After Backlash, Lawmakers Introduce Amendment To Senate Infrastructure Bill’s Crypto Tax

 Senators clarified a provision in the Infrastructure Investment and Jobs Act that would have severely tightened cryptocurrency regulations — a move that had drawn the ire of lawmakers, entrepreneurs, and others concerned about the statute’s effects on the emerging sector.

As The Daily Wire reported last week, a provision of the 2,700-page, $1.2 trillion package would have amended the Internal Revenue Code by introducing a “return requirement for certain transfers of digital assets not otherwise subject to reporting.” The clause defined “digital asset” as “any digital representation of value which is recorded on a cryptographically secured distributed ledger or any similar technology.”

The new amendment — drafted on Monday by Sen. Pat Toomey (R-PA) and Sen. Cynthia Loomis (R-WY), and co-sponsored by Sen. Mark Warner (D-VA), and Sen. Rob Portman (R-OH) — would change the definition of “broker” so that software developers and transaction validators would not be subject to the new requirements.

statement from the lawmakers explains:

There’s broad agreement that digital asset exchanges behaving as brokers should be required to report transactions just like other kinds of brokers already do. There is also concern that tax evasion and non-compliance are becoming significant issues surrounding cryptocurrencies and digital assets. Some have expressed confusion concerning the underlying text of the infrastructure bill, suggesting it would result in the application of reporting requirements far too broadly and ensnare individuals, developers, and other elements of this ecosystem that could not comply with a reporting mandate.

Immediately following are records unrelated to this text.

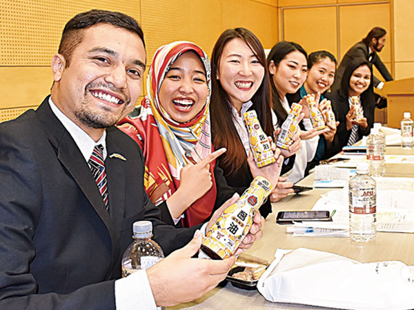 日本の大学で、増える外国人留学生らのさまざまなアイデアを生かす取り組みが広がっている。世界89カ国・地域、約3,000人の留学生が在籍する立命館アジア太平洋大学(APU・大分県別府市)の学生らが民間企業と共同開発したハラル(イスラム教の戒律で許されたもの)認証を取得した食品「ハラールはちみつ醤油」が1月に発売された。APUは従来から「実践を通じての学び」に力を入れているが、実際に商品完成にこぎ着けたのは初めて。APUの生協では発売から3週間で200本を売り上げる好調ぶりだ。(取材・写真=NNA北九州事務所 吉岡由夏)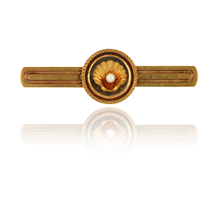 Spilla a barretta in oro giallo al centro una conchiglia con perla realizzata alla maniera di 'Castellani' con fine incisione e doratura a zecchino.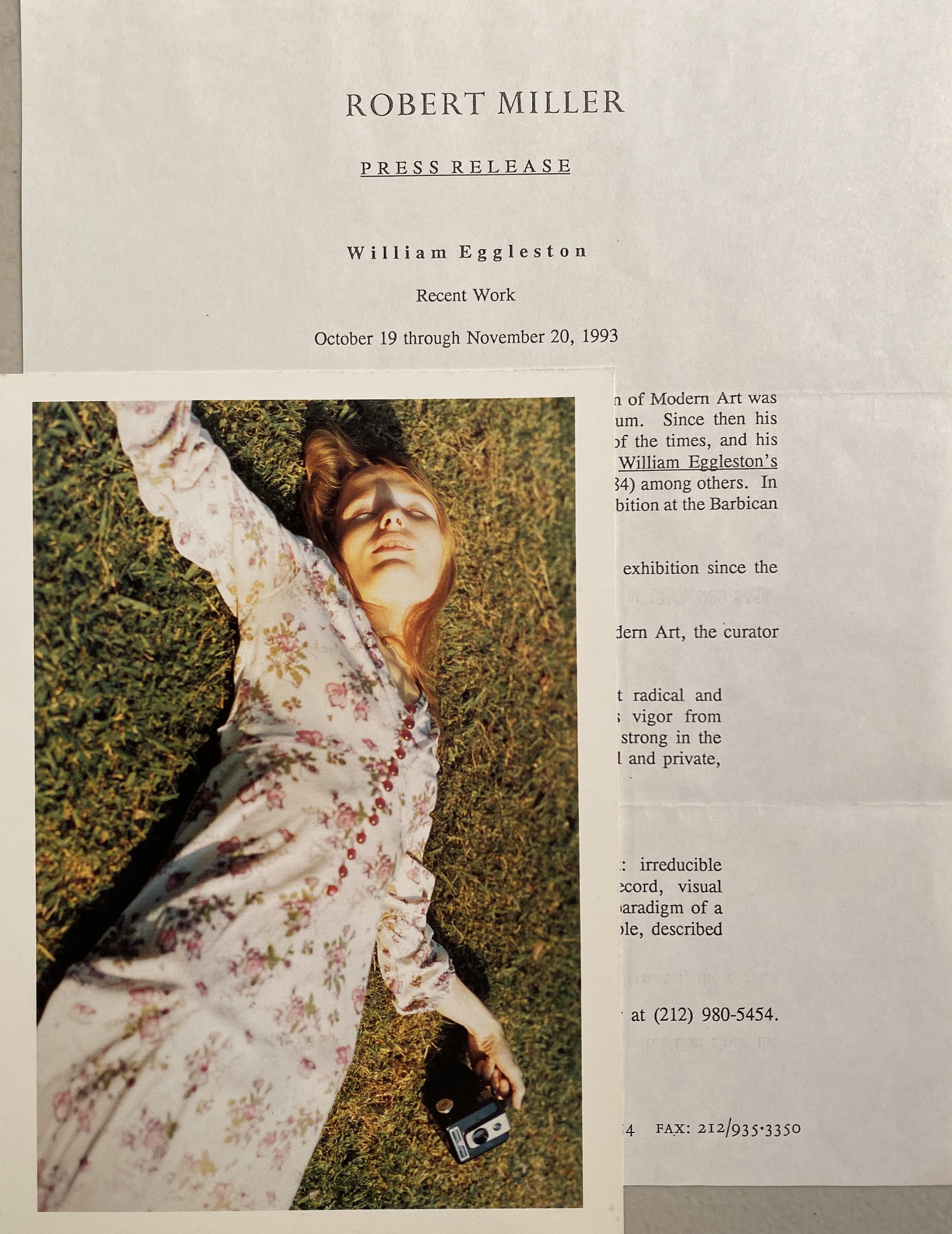 (William Eggleston). William Eggleston. Robert Miller Gallery, New York, October 19, 1993

While we each would have drafted this solution differently, we all agree it’s important to ensure that these obligations are properly crafted to apply only to entities that are regularly effectuating transactions of digital assets in exchange for consideration. 

 Many were initially worried that the provision would have quashed the use of cryptocurrencies — such as bitcoin, ethereum, and dogecoin — in the United States.

“There are a few key moments that define our future,” Coinbase CEO Brian Armstrong remarked on Twitter. “One is happening now in the Senate w/ the infrastructure bill. At the 11th hour @MarkWarner has proposed an amendment that would decide which foundational technologies are OK and which are not in crypto. This is disastrous.”

“If the U.S. fails to embrace the innovation happening in crypto, it risks becoming a financial backwater, missing out on one of the fastest-growing sectors of the economy,” he argued. “Imagine if we had missed out on the internet, and the largest internet companies had been built overseas.”

“This debate in the Senate started because the govt sees the growing crypto industry as a source of tax revenue. We agree everyone must pay their taxes. There is no debate on this topic. But destroying some of the most exciting innovations in the process is unconscionable.”

“The Senate is on the verge of passing legislation that would be TERRIBLE for cryptocurrency,” added Sen. Ted Cruz (R-TX). 

“The infrastructure deal contains DANGEROUS provisions that would devastate crypto and blockchain innovation. Supporters of crypto need to make their voices heard.”

The Biden administration supported the original text of the provision, claiming that it would “strengthen tax compliance in this emerging area of finance and ensure that high-income taxpayers are contributing what they owe under the law.”